__GIVEN MATERIAL__:

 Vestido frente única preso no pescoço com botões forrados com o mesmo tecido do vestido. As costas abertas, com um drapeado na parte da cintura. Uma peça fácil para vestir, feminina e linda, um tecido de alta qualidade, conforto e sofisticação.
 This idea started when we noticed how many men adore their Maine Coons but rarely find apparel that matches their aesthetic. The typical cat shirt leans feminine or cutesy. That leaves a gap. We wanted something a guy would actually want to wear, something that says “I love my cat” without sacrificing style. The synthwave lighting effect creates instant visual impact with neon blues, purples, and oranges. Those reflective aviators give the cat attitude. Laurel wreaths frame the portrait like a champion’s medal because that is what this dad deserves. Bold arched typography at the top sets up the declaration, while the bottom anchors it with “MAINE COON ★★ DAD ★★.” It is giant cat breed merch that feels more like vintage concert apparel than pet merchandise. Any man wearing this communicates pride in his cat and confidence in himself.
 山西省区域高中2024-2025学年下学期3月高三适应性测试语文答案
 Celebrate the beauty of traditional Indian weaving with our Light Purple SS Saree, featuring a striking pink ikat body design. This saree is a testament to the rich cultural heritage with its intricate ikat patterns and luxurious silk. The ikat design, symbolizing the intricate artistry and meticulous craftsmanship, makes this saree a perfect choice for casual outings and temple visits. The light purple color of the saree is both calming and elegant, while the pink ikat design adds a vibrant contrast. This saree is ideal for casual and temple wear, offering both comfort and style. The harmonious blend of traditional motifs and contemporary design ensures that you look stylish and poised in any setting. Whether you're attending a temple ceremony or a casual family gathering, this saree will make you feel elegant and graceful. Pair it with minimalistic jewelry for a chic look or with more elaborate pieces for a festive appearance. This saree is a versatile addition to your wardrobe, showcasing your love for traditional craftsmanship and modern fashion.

__YOUR ASSIGNMENT__: Retype the material above in full, keeping every word as it stands.

__OUTPUT__:
 Vestido frente única preso no pescoço com botões forrados com o mesmo tecido do vestido. As costas abertas, com um drapeado na parte da cintura. Uma peça fácil para vestir, feminina e linda, um tecido de alta qualidade, conforto e sofisticação.
 This idea started when we noticed how many men adore their Maine Coons but rarely find apparel that matches their aesthetic. The typical cat shirt leans feminine or cutesy. That leaves a gap. We wanted something a guy would actually want to wear, something that says “I love my cat” without sacrificing style. The synthwave lighting effect creates instant visual impact with neon blues, purples, and oranges. Those reflective aviators give the cat attitude. Laurel wreaths frame the portrait like a champion’s medal because that is what this dad deserves. Bold arched typography at the top sets up the declaration, while the bottom anchors it with “MAINE COON ★★ DAD ★★.” It is giant cat breed merch that feels more like vintage concert apparel than pet merchandise. Any man wearing this communicates pride in his cat and confidence in himself.
 山西省区域高中2024-2025学年下学期3月高三适应性测试语文答案
 Celebrate the beauty of traditional Indian weaving with our Light Purple SS Saree, featuring a striking pink ikat body design. This saree is a testament to the rich cultural heritage with its intricate ikat patterns and luxurious silk. The ikat design, symbolizing the intricate artistry and meticulous craftsmanship, makes this saree a perfect choice for casual outings and temple visits. The light purple color of the saree is both calming and elegant, while the pink ikat design adds a vibrant contrast. This saree is ideal for casual and temple wear, offering both comfort and style. The harmonious blend of traditional motifs and contemporary design ensures that you look stylish and poised in any setting. Whether you're attending a temple ceremony or a casual family gathering, this saree will make you feel elegant and graceful. Pair it with minimalistic jewelry for a chic look or with more elaborate pieces for a festive appearance. This saree is a versatile addition to your wardrobe, showcasing your love for traditional craftsmanship and modern fashion.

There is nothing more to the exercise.